My first surprise when the manuscript was brought to me was how large it was. In my world, Estoria manuscripts are only as big as the top half of an 11.6-inch laptop screen. But in the Sala de Cervantes, I was handed a manuscript over a foot high and nearly three inches thick. Even at only 186 pages, its girth dwarfed the 600-page modern hardcover book I had brought with me to Madrid. Despite the lack of cover decoration, this impressive size conveyed a sense of importance all on its own, and reminded me that what I was about to open was no ordinary library book.

Screen Shot 2016-02-17 at 09.54.38The large but fairly ordinary cover of Q does not betray the fabulous story that unfolds inside: thousands of years of Spanish history from pre-Roman times to the Late Middle Ages.
Image: Biblioteca Nacional de España, MSS/7595, p.1.

After opening the old leather binding, I spent the best part of my morning slowly turning every creaking page of the 600-year-old manuscript, spellbound by this completely new experience of an object I had thought I knew well. The pages alternated in colour and texture (the flesh side of the parchment being smoother and lighter than the hair side), something that had completely escaped me while using the digital edition and working on only one folio at a time. The pricking and ruling on each page – more obvious on some pages than on others – was another thing that I had never noticed before because I was so focused on the text itself.

Following the ruled lines led me to the margins, which I had barely considered while transcribing Q on a computer screen. Some folios contained catchwords to make it easier to form quires after writing. Others contained notes in the side margins. One folio near the beginning (3r) even had the alphabet written out in the lower margin, which was perhaps the Q scribe’s way of helping future Estoria transcribers distinguish his letterforms (although I’m still looking for his guide to abbreviations…).

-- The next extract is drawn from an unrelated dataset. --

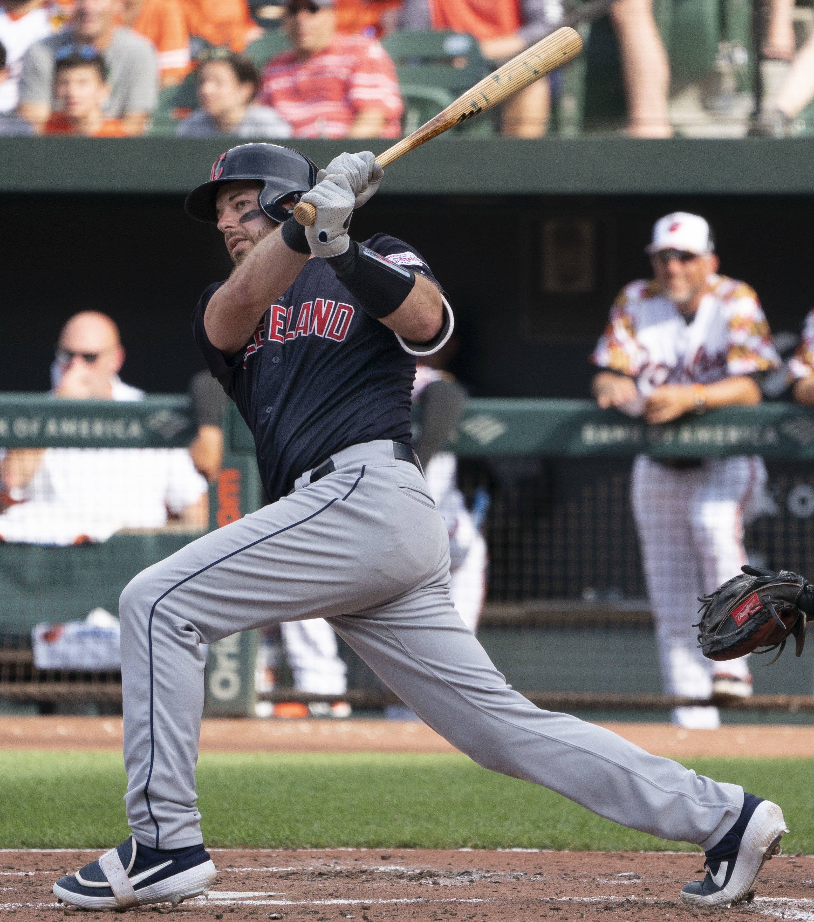 Kevin Plawecki bats for the Cleveland Indians during a 2019 game at Camden Yards in Baltimore
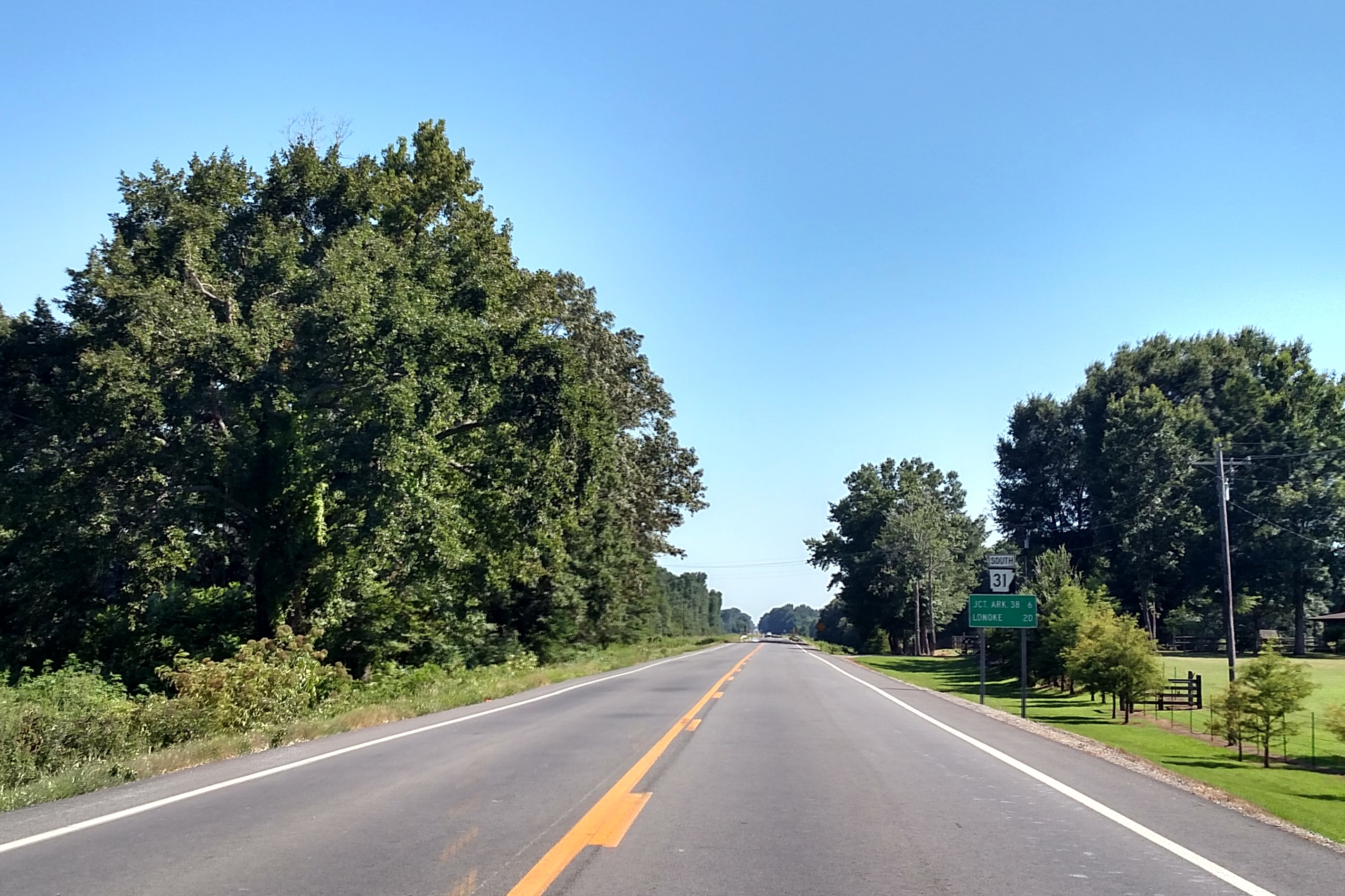 Highway 31 south of Highway 267 intersection south of Beebe

Screen Shot 2016-02-17 at 09.55.45

Folio 50v of Q. In the lower margin, the catchword ‘lugar’ is written. This is also the first word of the next folio, 51r. Adding catchwords to a folio made it easier to join individual folios together into gatherings or quires which would then be bound together to form a manuscript.
Image: Biblioteca Nacional de España, MSS/7595, p.55.

Once I had adjusted to this new, wide-angled view of Q, even the text itself delivered a few surprises. I found one page (57v) that had 44 coloured pilcrows contained within the text of just the first column alone. A few folios later (65v), even more pilcrows popped up, this time serving as medieval bullet points. Some initial capital letters, typically uniformly conservative throughout Q, had extra grandeur bestowed upon them, such as the P on folio 72r which is more than half the page in length. I also realised that many (but not all) of the rubrics begin with the phrase ‘De como’, another thing I had never noticed before while working on one folio at a time.

Screen Shot 2016-02-17 at 09.56.20Folio 65v of Q. Alternating red and blue pilcrows function as medieval bullet points.
Image: Biblioteca Nacional de España, MSS/7595, p.70.

Seeing an Estoria manuscript in person gave me a new understanding of the physical objects that are at the core of the EDIT project. With this fresh perspective in mind, it’s time to go back to my lines of code on a computer screen. But from now on, I will remember to zoom out and take a look around every once in a while to see what new discoveries are waiting to be made.